Perhaps maybe I have lost my mind....
There's no doubt I got some time on my hands... or do I? I just changed tweets in the dash and will be playing with the Hz range, probably for the next few weeks. SOOO, haha this is funny, I paralleled a four conductor jumper onto the terminals of the tweeter. The four conductors harness in a basic 4pin-fem con. That connector works as a modular patch panel for caps as I can swap them out in seconds. I used four conductors to have the ability to blend 2 caps at a time so I have more versatility. Chances are, I am going to have to change up to 2nd order as these new tweets are a lot more delicate. I am going for whack rig of the year with this one... Naturally when the network is decided, I'll move to a board to make it more permanent.. Is this too weird or what?
Here is a visual:
http://imgur.com/qLcJX&4Ibrm
http://imgur.com/qLcJX&4Ibrml

Oh, let it be known that a electronic XO would be my preference here. I already have a EQ though(which I need for dual inputs) and trying to throw another device in the mix was too much. 

The truck is here if anyone cares to see...

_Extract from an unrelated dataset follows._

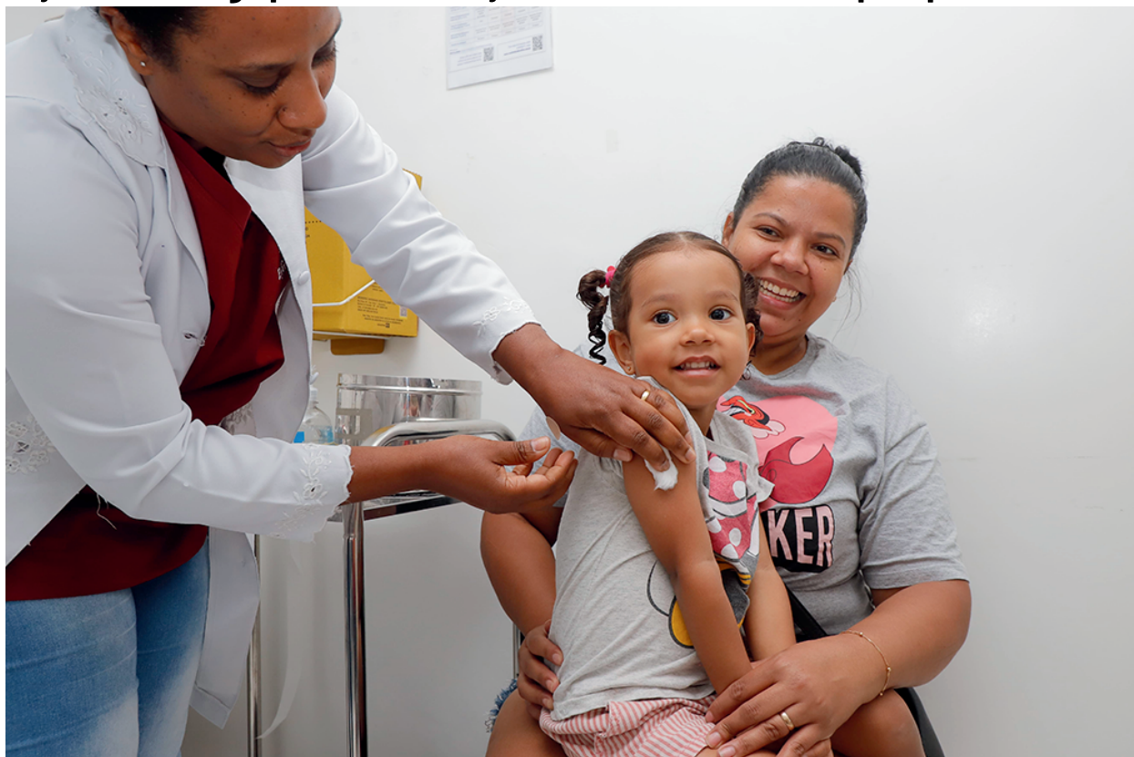
A campanha foca na influenza para grupos prioritários e atualização da carteirinha

No Parque Municipal Dom José, a vacinação acontecerá no dia 24 de maio de 2026, das 9h às 17h. O espaço está lo-

http://picasaweb.google.com/crianketz/08FrontierProject#

Also, this install is in my work truck. All devices used, down to the Dynamat were given to me by friends in the industry. Over years I have developed relations with many enthusiasts and have participated willingly with their builds. Now the wife doesn't feel like car audio has to be in our budget. Ya, I know, weird huh? So the industry has given back to me with this system. Thanx to D.W, D.K, HT Car Audio, Perfo.. Car Audio and my mom!


----------



## Ianarian (Dec 20, 2010)

Wow, Ian, that is about the dumbest thing I have ever seen. I mean, it might of held a little water, but for the most part, ya..... stupid, stupid. You're a moron and stuff. 

this is the beginning of your new signature!

I lead by example of what not to do!


----------



## Aaron'z 2.5RS/WRX (Oct 24, 2007)

I don't get it?


----------



## Ianarian (Dec 20, 2010)

Aaron'z 2.5RS/WRX said:


> I don't get it?


That's ok. Let's just say it is way off the beaten path. Hope you didnt try to hard to understand my jibberish. 

Essentially, what I was doing was making a modular patching system. Where I could easily plug in different capacitors. It serves the same as the crossovers that we use with component speaker systems. Except instead of the big old system you get on a board, mine was just for the tweeter and the caps were not soldered in. I could put in any combo of uf caps to achieve the right hi pass frequency. I decided I am sick of doing this stuff though. So I have decided to throw in my old DA s6.0 crossovers which have a rear fill output. The issue is trying to run 6 speakers on a 4ch amp. At one point I had a separate amp just for the tweets and a electronic XO to run a active system. Its too much equipment for my truck though.


----------